-- EXERCISE DATA follows --
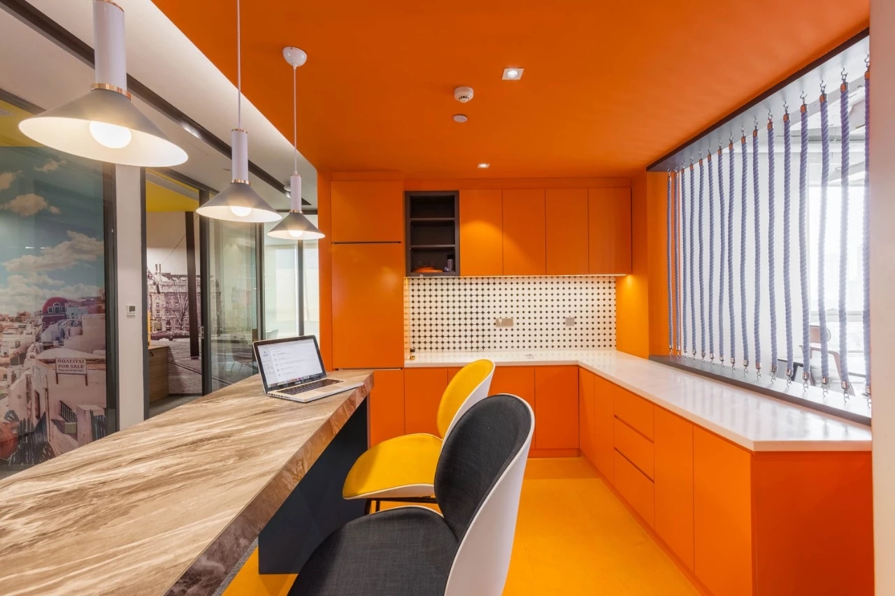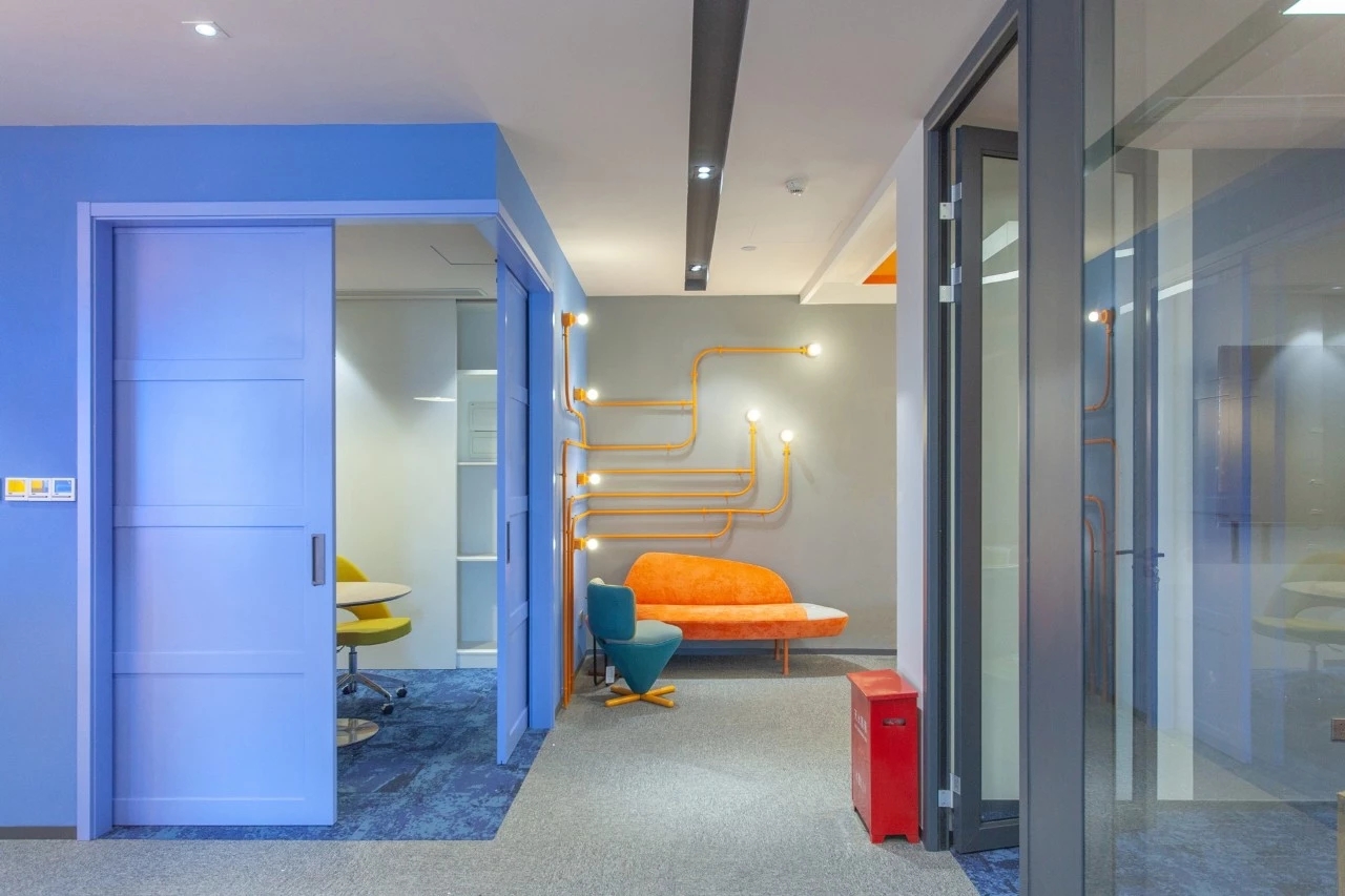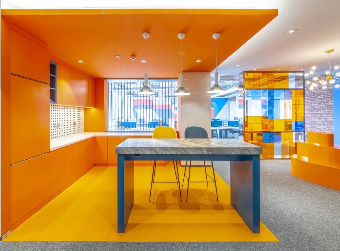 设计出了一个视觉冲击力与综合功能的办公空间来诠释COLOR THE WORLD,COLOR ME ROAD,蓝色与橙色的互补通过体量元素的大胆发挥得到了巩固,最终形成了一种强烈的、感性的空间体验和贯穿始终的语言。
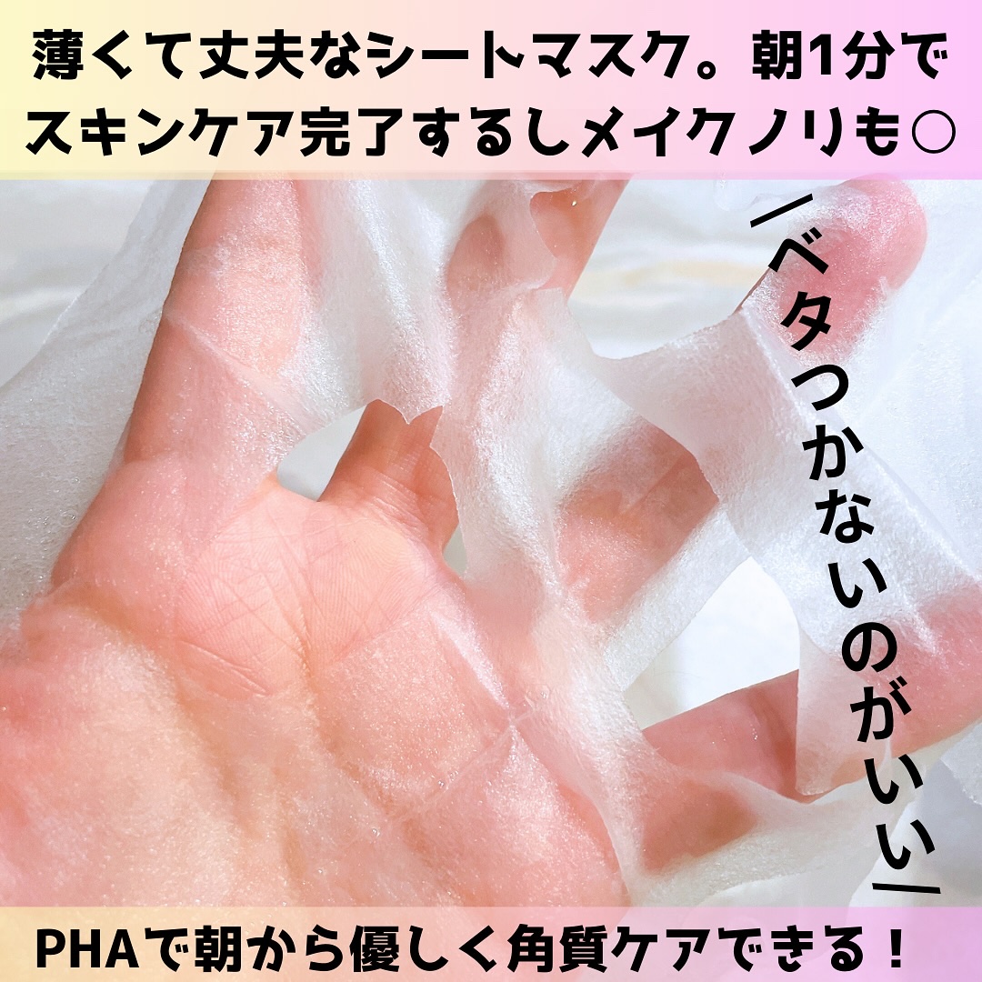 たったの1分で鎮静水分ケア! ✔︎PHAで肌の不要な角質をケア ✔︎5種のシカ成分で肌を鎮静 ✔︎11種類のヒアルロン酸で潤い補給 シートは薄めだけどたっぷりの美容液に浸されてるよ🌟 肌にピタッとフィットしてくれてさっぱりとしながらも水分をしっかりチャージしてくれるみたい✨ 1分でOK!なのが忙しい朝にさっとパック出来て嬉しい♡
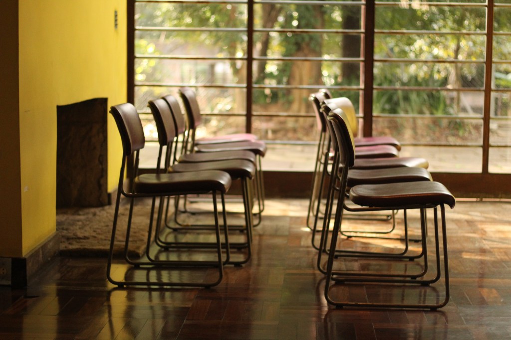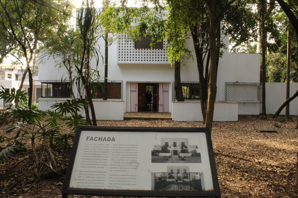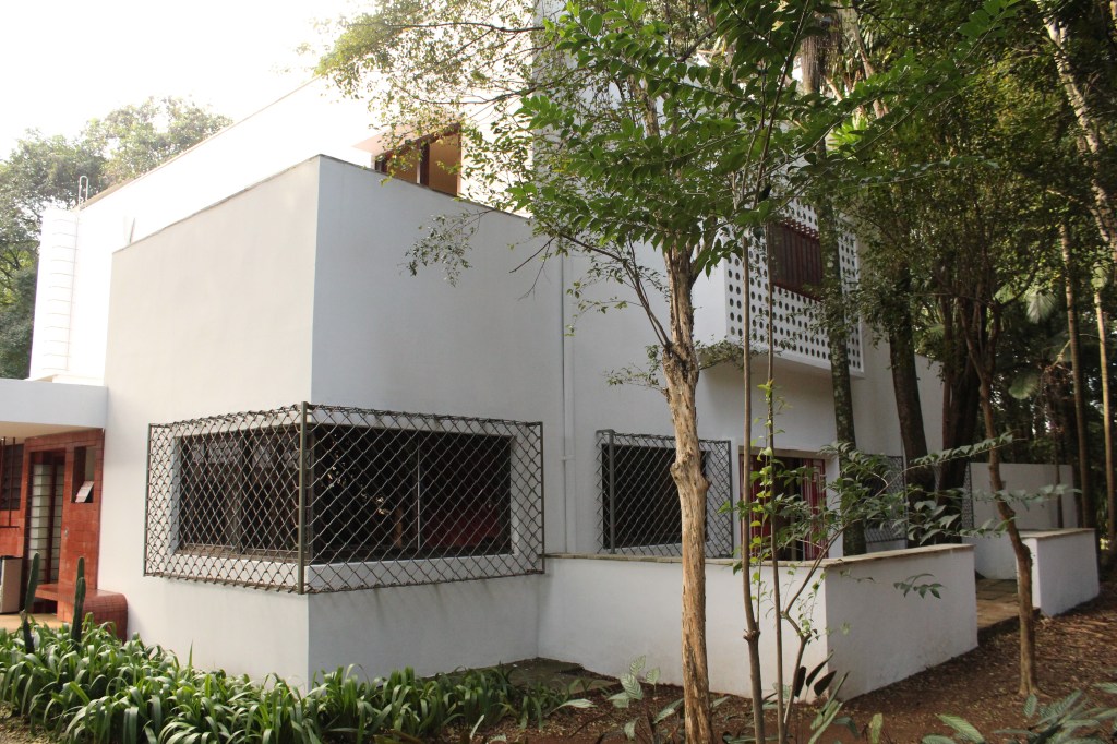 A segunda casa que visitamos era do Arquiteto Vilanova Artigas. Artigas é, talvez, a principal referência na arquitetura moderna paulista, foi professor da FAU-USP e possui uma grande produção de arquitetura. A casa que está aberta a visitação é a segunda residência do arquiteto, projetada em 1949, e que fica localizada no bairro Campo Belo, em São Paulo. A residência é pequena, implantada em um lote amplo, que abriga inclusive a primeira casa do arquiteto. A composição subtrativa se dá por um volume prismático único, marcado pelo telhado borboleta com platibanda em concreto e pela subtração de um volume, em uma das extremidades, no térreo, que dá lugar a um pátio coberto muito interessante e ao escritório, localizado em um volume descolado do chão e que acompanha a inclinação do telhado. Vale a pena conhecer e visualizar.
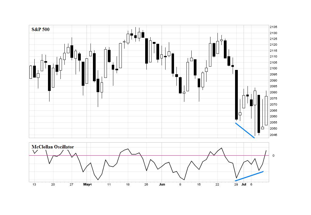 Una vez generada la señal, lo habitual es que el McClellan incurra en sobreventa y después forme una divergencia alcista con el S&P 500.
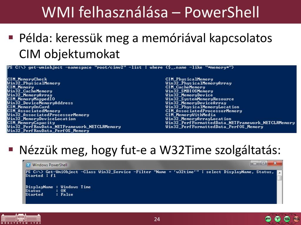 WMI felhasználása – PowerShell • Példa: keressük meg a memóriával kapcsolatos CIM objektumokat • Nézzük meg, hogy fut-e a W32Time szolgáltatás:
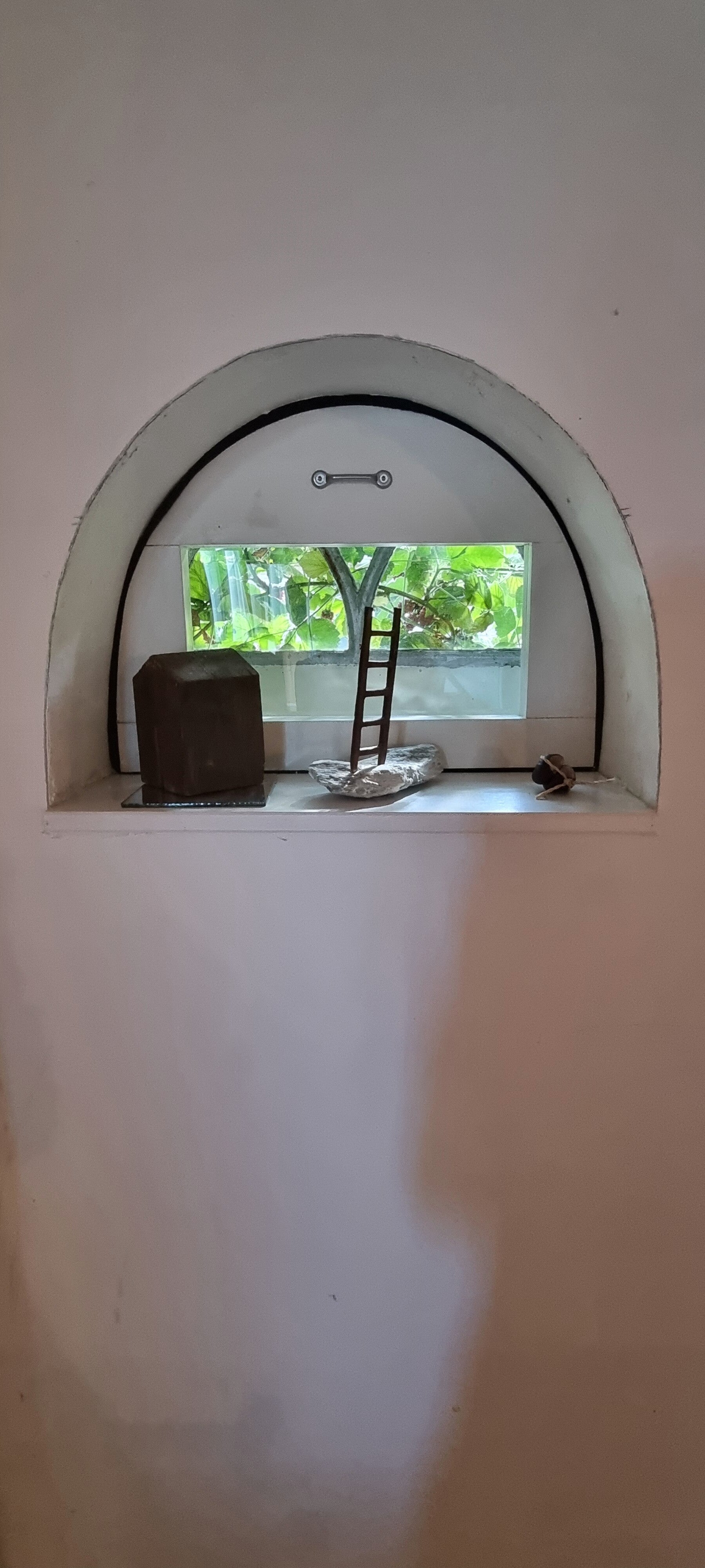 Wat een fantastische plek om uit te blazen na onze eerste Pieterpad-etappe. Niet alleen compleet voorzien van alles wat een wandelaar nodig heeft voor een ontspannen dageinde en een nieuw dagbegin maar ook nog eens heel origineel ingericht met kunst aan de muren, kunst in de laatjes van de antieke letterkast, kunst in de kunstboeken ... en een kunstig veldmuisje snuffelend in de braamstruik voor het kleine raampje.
-- EXERCISE DATA concluded --
◆ **EXERCISE GOAL**: Using the data above, print every line exactly, omitting pictures.

◆ **RESPONSE FOR THIS EXERCISE**:
 设计出了一个视觉冲击力与综合功能的办公空间来诠释COLOR THE WORLD,COLOR ME ROAD,蓝色与橙色的互补通过体量元素的大胆发挥得到了巩固,最终形成了一种强烈的、感性的空间体验和贯穿始终的语言。
 たったの1分で鎮静水分ケア! ✔︎PHAで肌の不要な角質をケア ✔︎5種のシカ成分で肌を鎮静 ✔︎11種類のヒアルロン酸で潤い補給 シートは薄めだけどたっぷりの美容液に浸されてるよ🌟 肌にピタッとフィットしてくれてさっぱりとしながらも水分をしっかりチャージしてくれるみたい✨ 1分でOK!なのが忙しい朝にさっとパック出来て嬉しい♡
 A segunda casa que visitamos era do Arquiteto Vilanova Artigas. Artigas é, talvez, a principal referência na arquitetura moderna paulista, foi professor da FAU-USP e possui uma grande produção de arquitetura. A casa que está aberta a visitação é a segunda residência do arquiteto, projetada em 1949, e que fica localizada no bairro Campo Belo, em São Paulo. A residência é pequena, implantada em um lote amplo, que abriga inclusive a primeira casa do arquiteto. A composição subtrativa se dá por um volume prismático único, marcado pelo telhado borboleta com platibanda em concreto e pela subtração de um volume, em uma das extremidades, no térreo, que dá lugar a um pátio coberto muito interessante e ao escritório, localizado em um volume descolado do chão e que acompanha a inclinação do telhado. Vale a pena conhecer e visualizar.
 Una vez generada la señal, lo habitual es que el McClellan incurra en sobreventa y después forme una divergencia alcista con el S&P 500.
 WMI felhasználása – PowerShell • Példa: keressük meg a memóriával kapcsolatos CIM objektumokat • Nézzük meg, hogy fut-e a W32Time szolgáltatás:
 Wat een fantastische plek om uit te blazen na onze eerste Pieterpad-etappe. Niet alleen compleet voorzien van alles wat een wandelaar nodig heeft voor een ontspannen dageinde en een nieuw dagbegin maar ook nog eens heel origineel ingericht met kunst aan de muren, kunst in de laatjes van de antieke letterkast, kunst in de kunstboeken ... en een kunstig veldmuisje snuffelend in de braamstruik voor het kleine raampje.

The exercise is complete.